■ RECORDS TO USE
****************
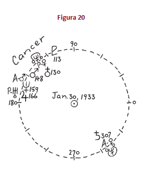 En 1933, en Alemania, los nacionalsocialistas tomaron el poder bajo el liderazgo de Hitler y sus socios. La carta de aquel día es de lo más dramática. La Tierra en ese momento estaba en la línea nodal ascendente de Neptuno y perihelio de Venus, mientras que Saturno estaba en la porción opuesta del Zodíaco. Volvemos a ver aquí el signo principal de la gran crisis social de nuestra era moderna. Sin embargo, había también otras implicaciones de naturaleza seria que daban indicaciones significativas de por qué este acontecimiento histórico en la esfera de la evolución social fracasó tan terriblemente. Marte casi había entrado en su propio afelio, Neptuno aún estaba cerca de él, y por el otro lado Plutón se acercaba a esa «línea de la vida» de los impulsos sociales modernos, los elementos de las esferas de Venus y Neptuno.
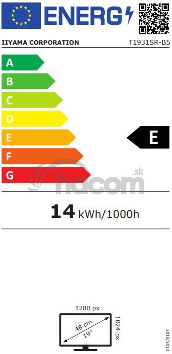 - 19 "iiyama T1931SR-B5 - TN, SXGA, 5ms, 250cd / m2, 1000: 1,5: 4, VGA, HDMI, DP, USB, repro, výška. T1931SR-B5
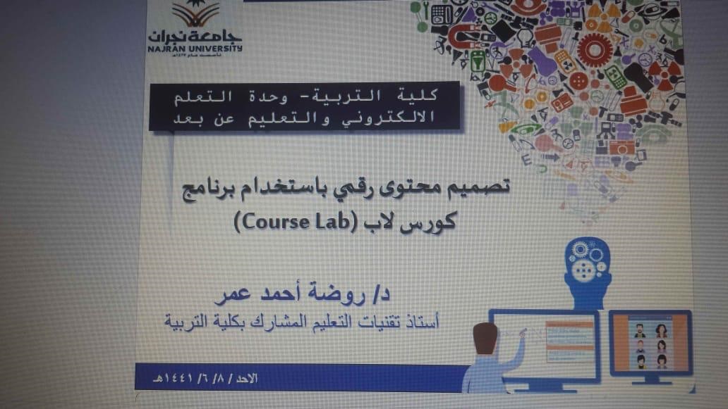 نظمت لجنة التعلم الالكتروني بكلية التربية - شطر الطالبات- اليوم الأحد 8/6 /1441 هـ دورة تدريبية بعنوان (تصميم محتوى رقمي باستخدام course lab ) لعضوات هيئة التدريس بكلية التربية، تحت اشراف أ. سلمى اليامي، وهدفت الدورة التي قدمتها د. روضة عمر-عضو هيئة التدريس بكلية التربية- إلى تعريف العضوات بأهمية استخدام برنامج course lab وكيفية تصميم محتوى رقمي تفاعلي، كما تطرقت مقدمة الدورة إلى عدة محاور منها: مميزات برنامج كورس لاب، متطلبات تشغيل برنامج الكورس لاب، انشاء (محتوى) مقرر تعليمي باستخدام الكورس لاب، نشر المحتوى الذي تم تصميمه .
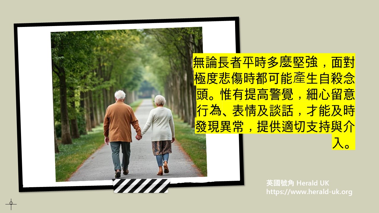 最後提醒,無論長者平時多麼堅強,面對極度悲傷時都可能產生自殺念頭。惟有提高警覺,細心留意行為、表情及談話,才能及時發現異常,提供適切支持與介入。
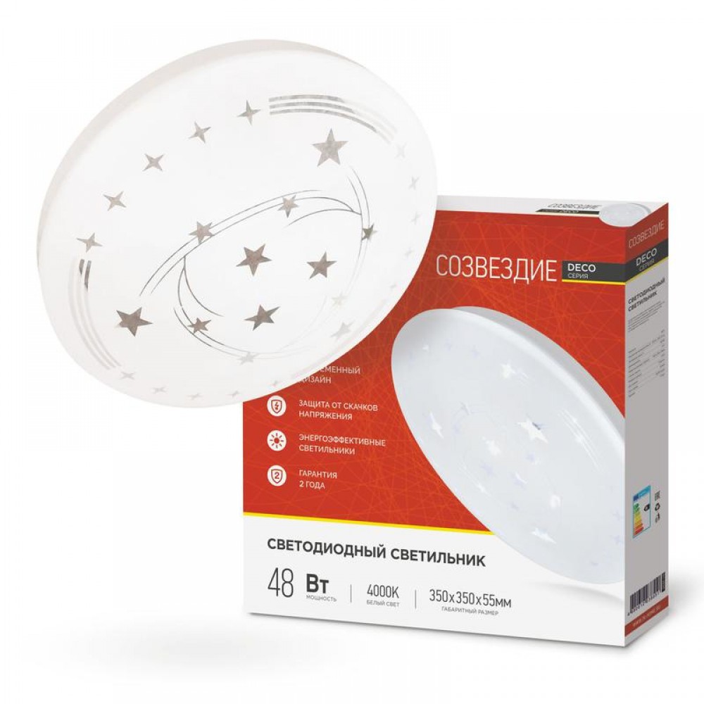 Технические характеристики Светильник светодиодный DECO СОЗВЕЗДИЕ 48Вт 4000К 4320лм 230В 380х55мм IN HOME 4690612038551
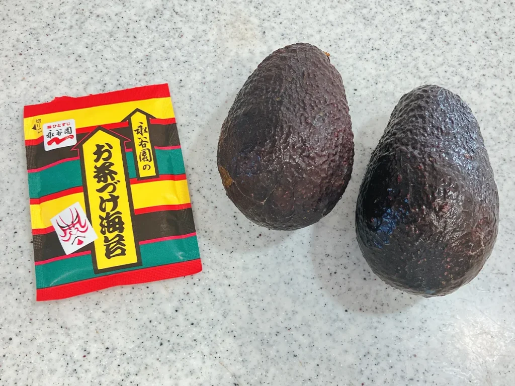 アボカド以外には、『お茶づけ海苔』と相性がよさそうなワカメを使いましたよ。
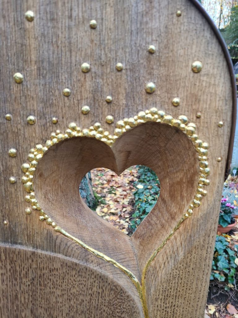 Ein Herz auf einem Grabstein symbolisiert Liebe und Verbundenheit über den Tod hinaus. Er kann die unvergängliche Liebe zwischen den Hinterbliebenen und der verstorbenen Person ausdrücken.
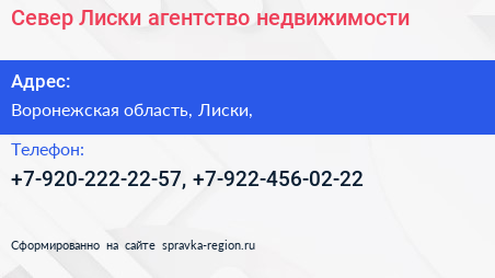 Север-Лиски, агентство недвижимости по адресу Воронежская область, Лиски, в дальнейшем Организация, размещена в следующих категориях:
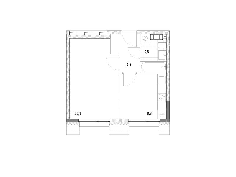 1-комнатная, 35.70 м²
****************
■ ACTION ITEM
Every entry above needs to be retyped exactly; drop the pictures.

■ COMPLETED TASK
 En 1933, en Alemania, los nacionalsocialistas tomaron el poder bajo el liderazgo de Hitler y sus socios. La carta de aquel día es de lo más dramática. La Tierra en ese momento estaba en la línea nodal ascendente de Neptuno y perihelio de Venus, mientras que Saturno estaba en la porción opuesta del Zodíaco. Volvemos a ver aquí el signo principal de la gran crisis social de nuestra era moderna. Sin embargo, había también otras implicaciones de naturaleza seria que daban indicaciones significativas de por qué este acontecimiento histórico en la esfera de la evolución social fracasó tan terriblemente. Marte casi había entrado en su propio afelio, Neptuno aún estaba cerca de él, y por el otro lado Plutón se acercaba a esa «línea de la vida» de los impulsos sociales modernos, los elementos de las esferas de Venus y Neptuno.
 - 19 "iiyama T1931SR-B5 - TN, SXGA, 5ms, 250cd / m2, 1000: 1,5: 4, VGA, HDMI, DP, USB, repro, výška. T1931SR-B5
 نظمت لجنة التعلم الالكتروني بكلية التربية - شطر الطالبات- اليوم الأحد 8/6 /1441 هـ دورة تدريبية بعنوان (تصميم محتوى رقمي باستخدام course lab ) لعضوات هيئة التدريس بكلية التربية، تحت اشراف أ. سلمى اليامي، وهدفت الدورة التي قدمتها د. روضة عمر-عضو هيئة التدريس بكلية التربية- إلى تعريف العضوات بأهمية استخدام برنامج course lab وكيفية تصميم محتوى رقمي تفاعلي، كما تطرقت مقدمة الدورة إلى عدة محاور منها: مميزات برنامج كورس لاب، متطلبات تشغيل برنامج الكورس لاب، انشاء (محتوى) مقرر تعليمي باستخدام الكورس لاب، نشر المحتوى الذي تم تصميمه .
 最後提醒,無論長者平時多麼堅強,面對極度悲傷時都可能產生自殺念頭。惟有提高警覺,細心留意行為、表情及談話,才能及時發現異常,提供適切支持與介入。
 Технические характеристики Светильник светодиодный DECO СОЗВЕЗДИЕ 48Вт 4000К 4320лм 230В 380х55мм IN HOME 4690612038551
 アボカド以外には、『お茶づけ海苔』と相性がよさそうなワカメを使いましたよ。
 Ein Herz auf einem Grabstein symbolisiert Liebe und Verbundenheit über den Tod hinaus. Er kann die unvergängliche Liebe zwischen den Hinterbliebenen und der verstorbenen Person ausdrücken.
 Север-Лиски, агентство недвижимости по адресу Воронежская область, Лиски, в дальнейшем Организация, размещена в следующих категориях:
 1-комнатная, 35.70 м²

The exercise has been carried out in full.